The whole drive home I am sitting on pins and needles.

I get to the address, and I pay him and get out of the cab. I pretend to go to the door and be looking for my key as he is driving away. Once he turns the corner, I literally ran home, closed the door and called John and Misha immediately.

Misha is pissed! He knew the laws and said, “What is this guy’s name and badge number?”

But I had realized early on that this guy was using someone’s cab because the picture on the badge did not match the person driving.
I explained all that and I said, besides I did not want this guy coming after me or them.

I do not understand this type of hate. I have never understood those that pick sides and determine that their side is the side of righteousness and so the preferences and beliefs of others are immediately wrong and evil.
I know that we have all been male and female in many lifetimes. I know that some prefer one over the other. But I also know that to seek balance we have to learn that we are (right now) both male and female.
When I am dealing with my job I am coming from a more masculine perspective. When I am cooking, I am more in my feminine. One is not better than another.

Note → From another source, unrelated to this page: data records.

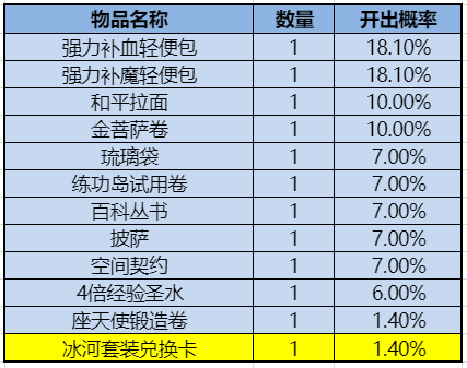 【冰河套装福袋】几率展示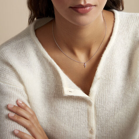Collier Suzon Argent Rose Oxyde De Zirconium - 44 cm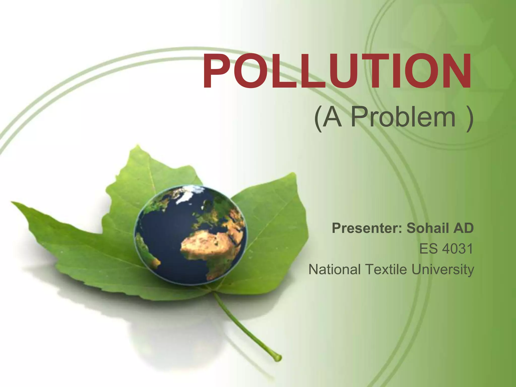 Pollution is the introduction of contaminants into the natural environment that causes harm. It comes in many forms including air, water, soil, noise, light and plastic pollution. Major causes are industry, vehicle emissions, and improper waste disposal. Effects include damage to ecosystems, health problems and reduced quality of life. Solutions require reducing pollution at the source, proper waste treatment, using renewable resources, and developing clean technologies.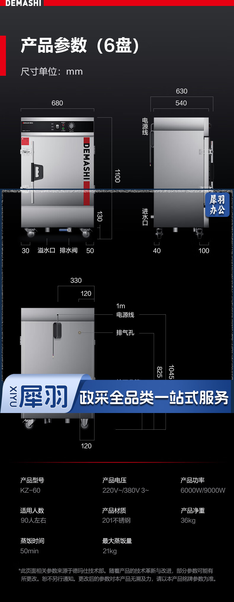 德玛仕(DEMASHI)蒸饭柜商用 蒸饭车蒸箱商用蒸饭箱蒸饭机蒸箱食堂单位学校防干烧蒸柜上置定时款220V KZ-60

Those that judge others have not integrated both parts of their own nature.

Those that hate will blame others for their own misfortunes or inadequacies.

Those that want to divide our world only continue the toxicity of the karmic process.

Karma means – If you hurt someone … then at another time … someone will hurt you in the same way. And we will do it over and over again, back and forth … until we finally come to a middle ground and see the folly of our actions.
That is how the karmic suffering ends.
But it requires us to recognize that hate, anger, hurt, and loss are the way this dualistic world will remain divided.
It is up to us to learn to laugh, love, and play together in this sandbox called earth.

May we find a way to speak from our heart.

May we learn to call out those whose intention is to break apart.
May we see past our fears and shame.

May we stop those that hate and just want to blame.

Life knows better what we need, if we are willing to learn.
It tries to offer up all those things that we so deeply yearn.
But to find peace we must see past our thoughts.

Otherwise, all this effort will be for naught.